DRC: Discrete Representation Classifier With Salient Features via Fixed-Prototype

Abstract

Image classification models including convolutional neural networks (CNN) and vision transformers (ViT) commonly employ a fully connected (FC) layer as the classifier. However, the fully connected nature of FC brings large amounts of weight parameters, limits the efficiency of inference, tends to over-fit the training data, and struggles to learn distinct class weights. To solve these problems, we propose a discrete representation classifier (DRC), a generic parameter-free classifier that offers efficiency, robustness, and more discriminative categorization. Specifically, the DRC discards numerous unimportant features and focuses solely on the salient features which are reinforced during training and presented in short discrete form during inference. Unlike the way of learning pseudo-prototypes (weights) from data laden with complex patterns and noises in FC, the DRC introducing discriminative fixed-prototypes which are almost uniformly distributed across the high-dimensional feature space, thus helps the model to learn more distinct boundaries between categories.
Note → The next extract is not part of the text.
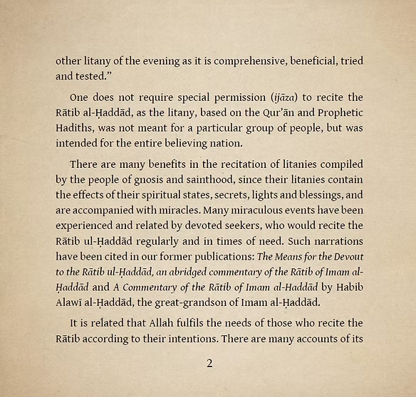The famous Rātib of Imam Abdallāh bin Alawī al-Ḥaddād is a litany with verses of the Qur’ān and Prophetic supplications. It was not meant for a particular group of people, but was intended for the entire believing nation.

Further leveraging the advantage of DRC’s focus on salient features, we propose Salient-CAM, which is able to locate the most important region in image without the need for weighting feature maps. The experiments demonstrate that simply replacing the model’s classifier from FC to DRC can lead to a significant acceleration in the whole model’s inference and a more robust classification. Additionally, the proposed Salient-CAM exhibits excellent object localization ability in complex natural scenes.